++++ DATA IN THIS EXERCISE
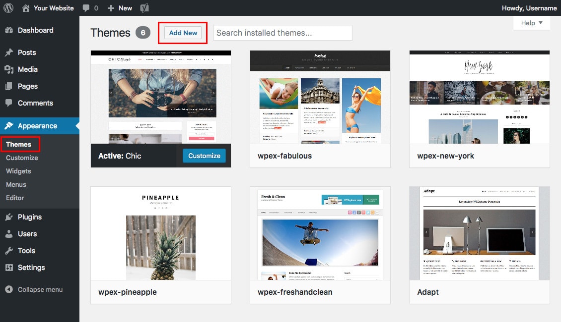 要安装新主题,请登录您的 WordPress 网站并导航至外观 > 主题 > 添加新主题。在这里,您可以浏览通过 WordPress.org 提供的免费主题,也可以单击“上传主题”按钮上传您在其他地方下载或购买的主题的 zip 文件。
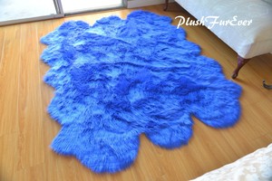 Soft Shaggy Faux Fur Area Rug Throw Accent Play Plush Royal Blue
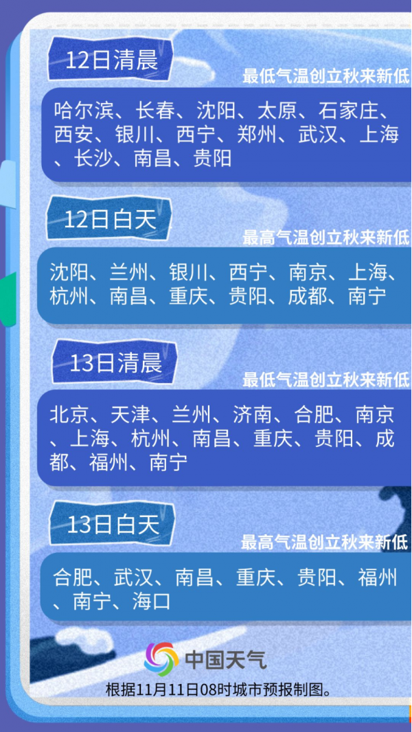 后天清晨,江淮、江南、西南的最低气温下降,安徽北部、江苏西北局地最低气温会降至0℃以下,江西北部、浙江大部等地最低气温降至10℃以下,北京、天津、兰州、济南、合肥、南京、上海、杭州、南昌、重庆、贵阳、成都、福州、南宁最低气温创新低。
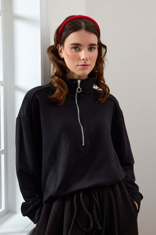 Ceylan Otantik Siyah 3 İplik Yarım Fermuarlı Sweat
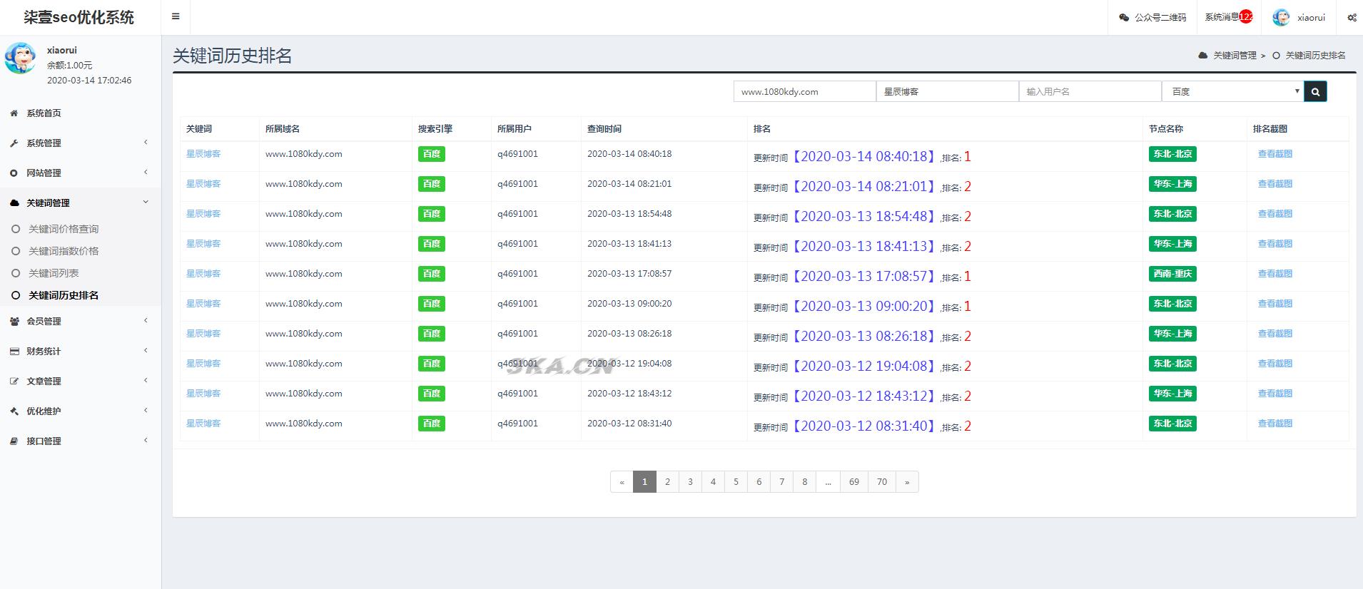 2.网站管理。总站、代理、普通用户均可添加网站,在网站列表页可以看见网站的基本信息,如:域名、网站名称、所属会员、注册时间、关键词数量、达标关键词数量、今日消费、历史消费及网站启用与禁用状态;
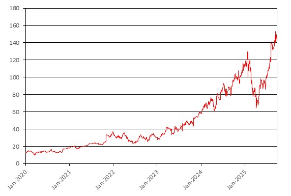 We obtained the information regarding the historical performance of the reference asset in the graph below from Bloomberg, without independent review or verification. The graph below illustrates the performance of the reference asset from January 1, 2020 through September 26, 2025. The closing price of the reference asset on September 26, 2025 was $142.50.
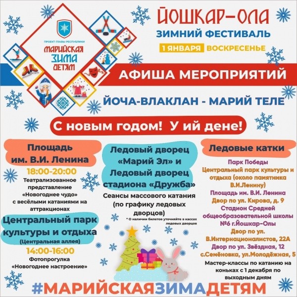 По инициативе Главы республики в Йошкар-Оле проходит проект «Марийская зима детям». Какие мероприятия юные жители Марий Эл могут посетить сегодня?
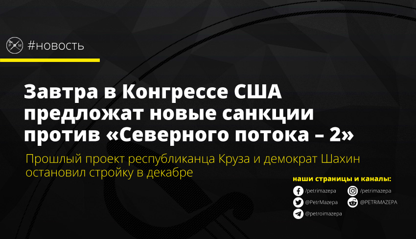 1 июня сенатор-республиканец Тед Круз и демократ Джинн Шахин внесут на рассмотрение Конгресса новые санкции в отношении газопровода «Северный поток – 2», который страна-агрессор пытается достроить самостоятельно.
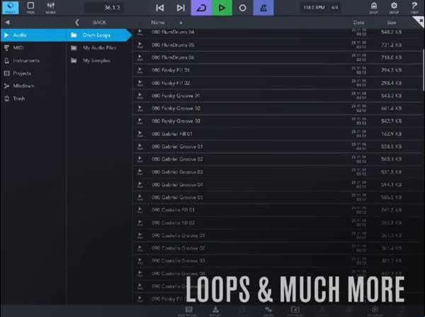 2、提供了超过300多个midi和音频的loop,用户可以随意的选择使用;
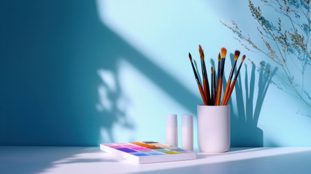 An artistic display of painting supplies arranged on a white surface. AI-generated.
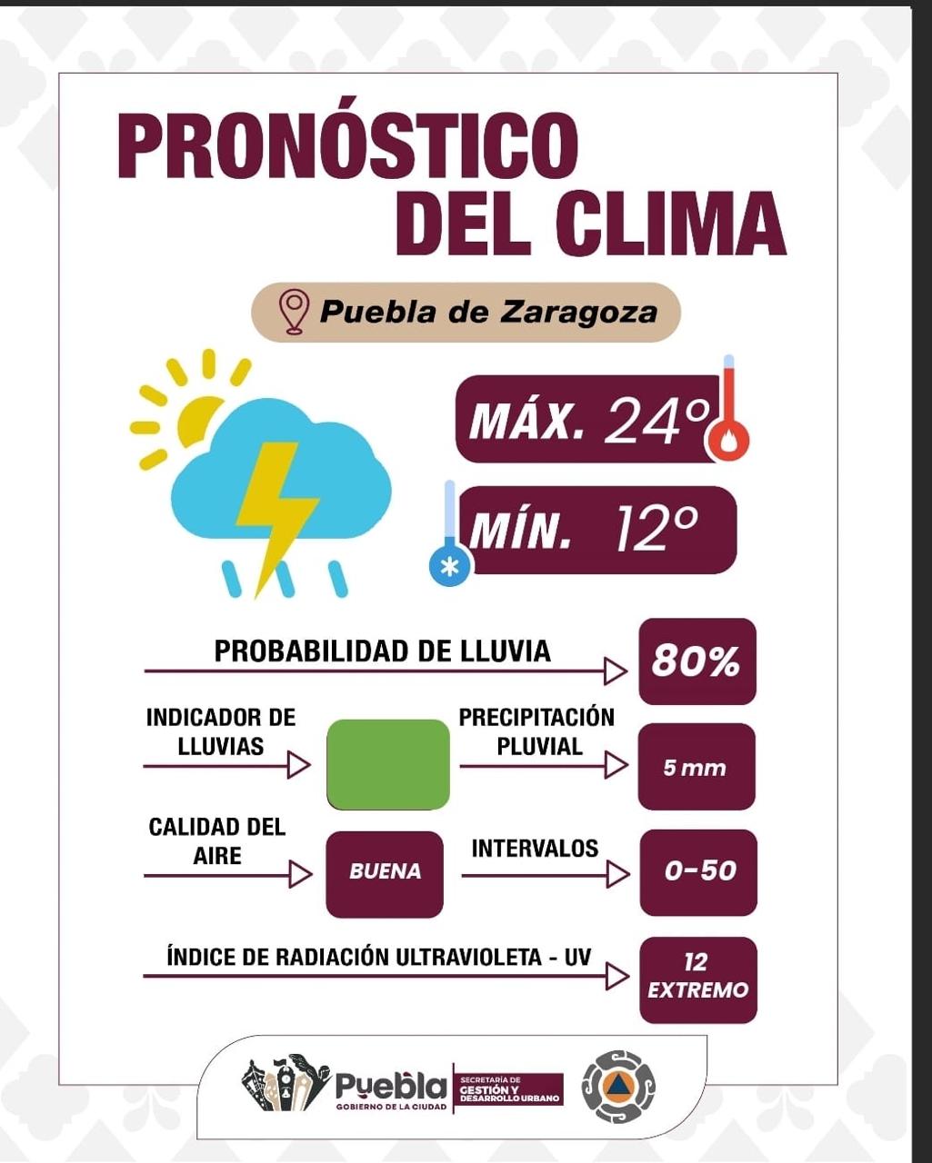 El Gobierno de la Ciudad, a través del Departamento de Alertamiento de la Dirección de Gestión de Riesgos en Materia de Protección Civil, informó que este miércoles se espera un día parcialmente nublado, con condiciones favorables para lluvias acompañadas de tormenta eléctrica durante la tarde.
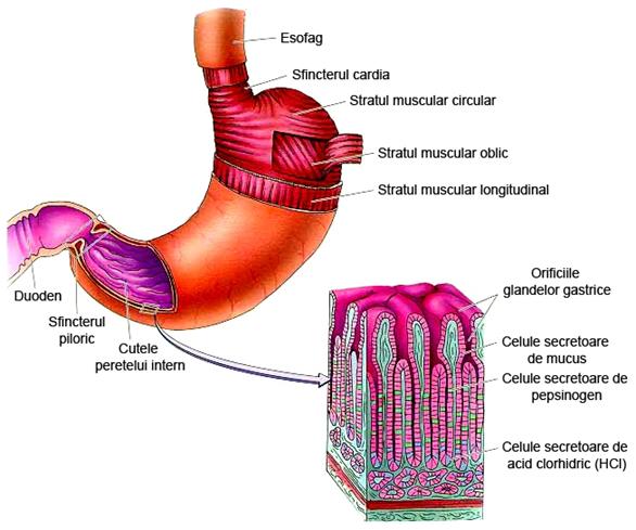 - glande cardiale - sunt situate in mucoasa regiuni orificiului cardia. Sunt glande tubuloase ce secreta lipaza stomacala si lichid alcalin bogat in mucina.
++++++++
WHAT THIS TASK INVOLVES: Give back the lines from the one containing "По инициативе Главы" through the last line of the records above exactly as they appear, both included, and no pictures.

SOLUTION FOR THIS EXERCISE:
 По инициативе Главы республики в Йошкар-Оле проходит проект «Марийская зима детям». Какие мероприятия юные жители Марий Эл могут посетить сегодня?
 1 июня сенатор-республиканец Тед Круз и демократ Джинн Шахин внесут на рассмотрение Конгресса новые санкции в отношении газопровода «Северный поток – 2», который страна-агрессор пытается достроить самостоятельно.
 2、提供了超过300多个midi和音频的loop,用户可以随意的选择使用;
 An artistic display of painting supplies arranged on a white surface. AI-generated.
 El Gobierno de la Ciudad, a través del Departamento de Alertamiento de la Dirección de Gestión de Riesgos en Materia de Protección Civil, informó que este miércoles se espera un día parcialmente nublado, con condiciones favorables para lluvias acompañadas de tormenta eléctrica durante la tarde.
 - glande cardiale - sunt situate in mucoasa regiuni orificiului cardia. Sunt glande tubuloase ce secreta lipaza stomacala si lichid alcalin bogat in mucina.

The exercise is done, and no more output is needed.